Is list::size() really O(n)?

Question

Recently, I noticed some people mentioning that std::list::size() has a linear complexity.
According to some sources, this is in fact implementation dependent as the standard doesn't say what the complexity has to be.
The comment in this blog entry says:

Actually, it depends on which STL you are using. Microsoft Visual Studio V6 implements size() as {return (_Size); } whereas gcc (at least in versions 3.3.2 and 4.1.0) do it as { return std::distance(begin(), end()); } The first has constant speed, the second has o(N) speed

1. So my guess is that for the VC++ crowd size() has constant complexity as Dinkumware probably won't have changed that fact since VC6. Am I right there?
   
2. What does it look like currently in gcc? If it is really O(n), why did the developers choose to do so?

Answer 1

You are correct that the standard does not state what the complexity of list::size() must be - however, it does recommend that it "should have constant complexity" (Note A in Table 65).

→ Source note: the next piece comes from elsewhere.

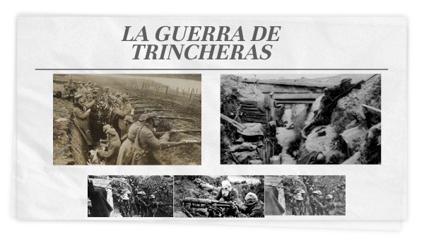 La guerra de trincheras es una táctica para hacer guerra que consistió en una zanja cavada en la tierra que tiene como objetivo proteger el avance enemigo. En una guerra de trincheras, la forma de combatir implica que los combatientes mantengan líneas inmóviles de zanjas cavadas en el terreno y enfrentadas entre sí.Trincheras cubiertas: estas se ubican detrás de la primera línea de trincheras, sirven de protección a los combatientes en caso de que ataquen la primera línea defensiva. Trincheras de apoyo: son las que poseen refugios subterráneos, en los que descansan los soldados que no estén luchando. Trincheras de reserva y de comunicación: está rama sirve para transportar todos los suministros que se necesiten tanto alimentos como tropas de reemplazo. Tierra de Nadie: está área es el terreno que se ubica en medio de los dos bandos, es la zona más peligrosa porque esta cubierta de alambres y puede pasarse a ser un blanco fácil.

Here's an interesting article by Howard Hinnant that explains why some people think list::size() should have O(N) complexity (basically because they believe that O(1) list::size() makes list::splice() have O(N) complexity) and why an O(1) list::size() is be a good idea (in the author's opinion):

• http://home.twcny.rr.com/hinnant/cpp_extensions/On_list_size.html

I think the main points in the paper are:

• there are few situations where maintaining an internal count so list::size() can be O(1) causes the splice operation to become linear
• there are probably many more situations where someone might be unaware of the negative effects that might happen because they call an O(N) size() (such as his one example where list::size() is called while holding a lock).
• that instead of permitting size() be O(N), in the interest of 'least surprise', the standard should require any container that implements size() to implement it in an O(1) fashion. If a container cannot do this, it should not implement size() at all. In this case, the user of the container will be made aware that size() is unavailable, and if they still want or need to get the number of elements in the container they can still use container::distance( begin(), end()) to get that value - but they will be completely aware that it's an O(N) operation.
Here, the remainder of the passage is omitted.